**Problem**
In the listing below, the answer starts at the line that has "Villegas a fait" and stops after the line that has "One 1934A $5 Silver Certificate PCGS 66PPQ."; please repeat that part exactly and nothing more.

[Information given Boundary: Start]

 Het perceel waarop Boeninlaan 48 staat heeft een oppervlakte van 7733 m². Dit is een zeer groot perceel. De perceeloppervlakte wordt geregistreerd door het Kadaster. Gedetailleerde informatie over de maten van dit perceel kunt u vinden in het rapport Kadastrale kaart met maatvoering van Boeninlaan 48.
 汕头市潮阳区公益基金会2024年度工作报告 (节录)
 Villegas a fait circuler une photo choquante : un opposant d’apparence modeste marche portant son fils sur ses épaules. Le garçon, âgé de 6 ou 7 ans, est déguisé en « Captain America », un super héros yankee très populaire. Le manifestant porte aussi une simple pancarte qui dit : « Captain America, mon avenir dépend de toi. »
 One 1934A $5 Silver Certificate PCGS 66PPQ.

[Information given Boundary: End]
[Information given Boundary: Start]

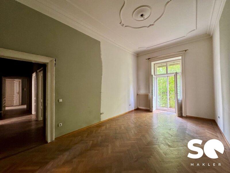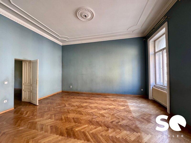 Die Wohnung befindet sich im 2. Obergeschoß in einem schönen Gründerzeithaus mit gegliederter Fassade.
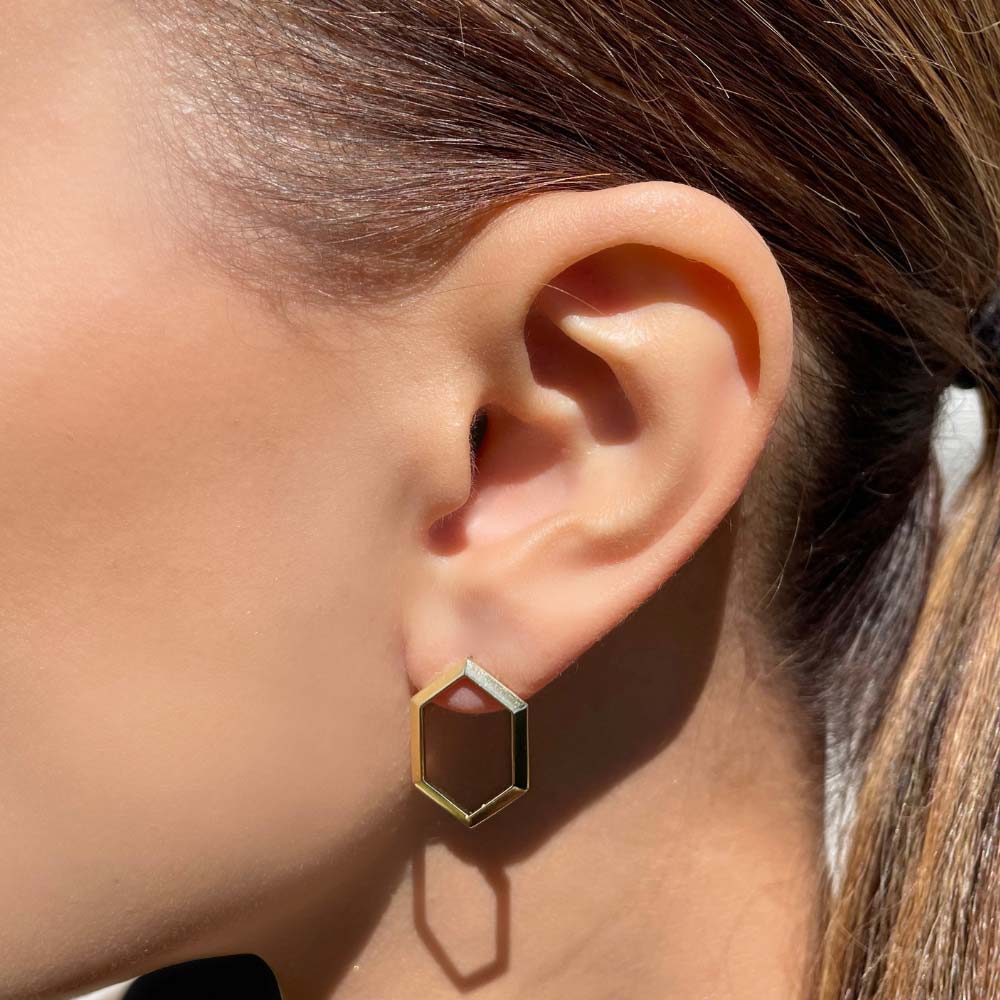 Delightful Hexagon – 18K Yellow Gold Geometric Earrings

[Information given Boundary: End]
[Information given Boundary: Start]

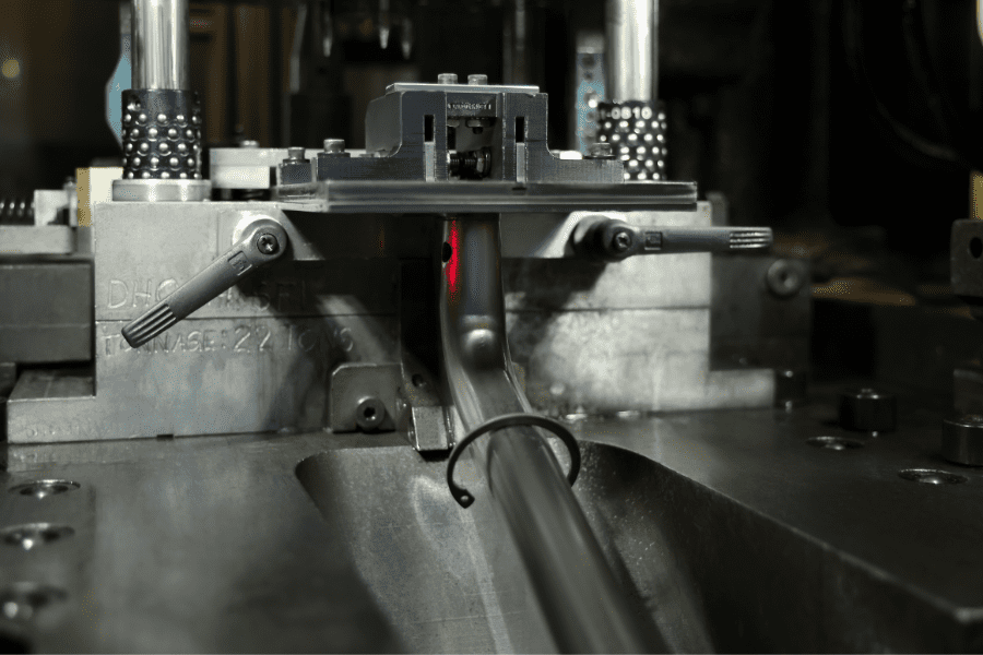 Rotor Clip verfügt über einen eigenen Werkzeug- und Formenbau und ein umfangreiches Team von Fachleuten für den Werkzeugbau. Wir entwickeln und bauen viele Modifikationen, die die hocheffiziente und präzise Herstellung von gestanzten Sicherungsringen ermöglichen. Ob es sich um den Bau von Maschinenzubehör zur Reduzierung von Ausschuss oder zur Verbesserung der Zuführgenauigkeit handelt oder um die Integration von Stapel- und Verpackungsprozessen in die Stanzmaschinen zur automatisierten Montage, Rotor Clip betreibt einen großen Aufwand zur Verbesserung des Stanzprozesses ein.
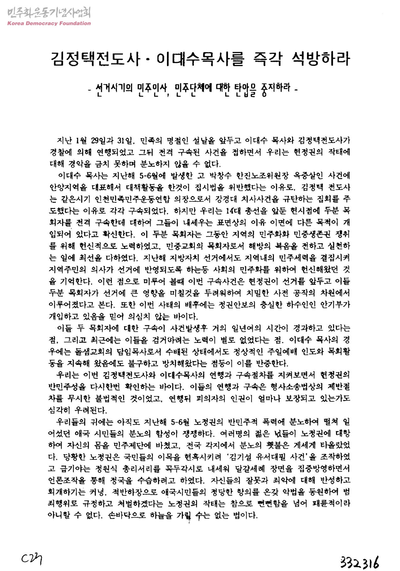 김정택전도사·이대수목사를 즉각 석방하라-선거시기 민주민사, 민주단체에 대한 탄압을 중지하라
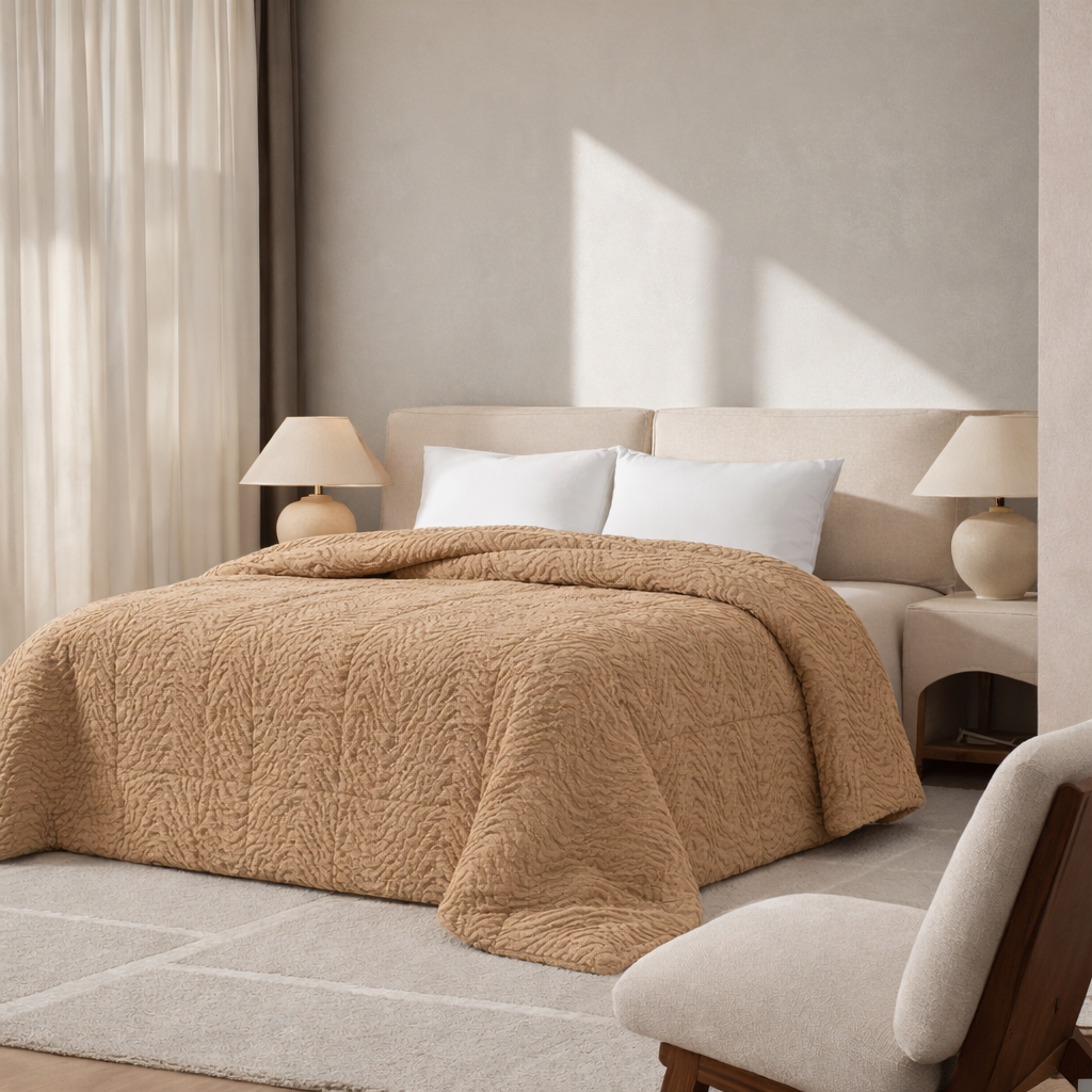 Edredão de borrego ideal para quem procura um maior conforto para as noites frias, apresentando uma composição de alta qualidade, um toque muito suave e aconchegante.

[Information given Boundary: End]

**Task response**
 Villegas a fait circuler une photo choquante : un opposant d’apparence modeste marche portant son fils sur ses épaules. Le garçon, âgé de 6 ou 7 ans, est déguisé en « Captain America », un super héros yankee très populaire. Le manifestant porte aussi une simple pancarte qui dit : « Captain America, mon avenir dépend de toi. »
 One 1934A $5 Silver Certificate PCGS 66PPQ.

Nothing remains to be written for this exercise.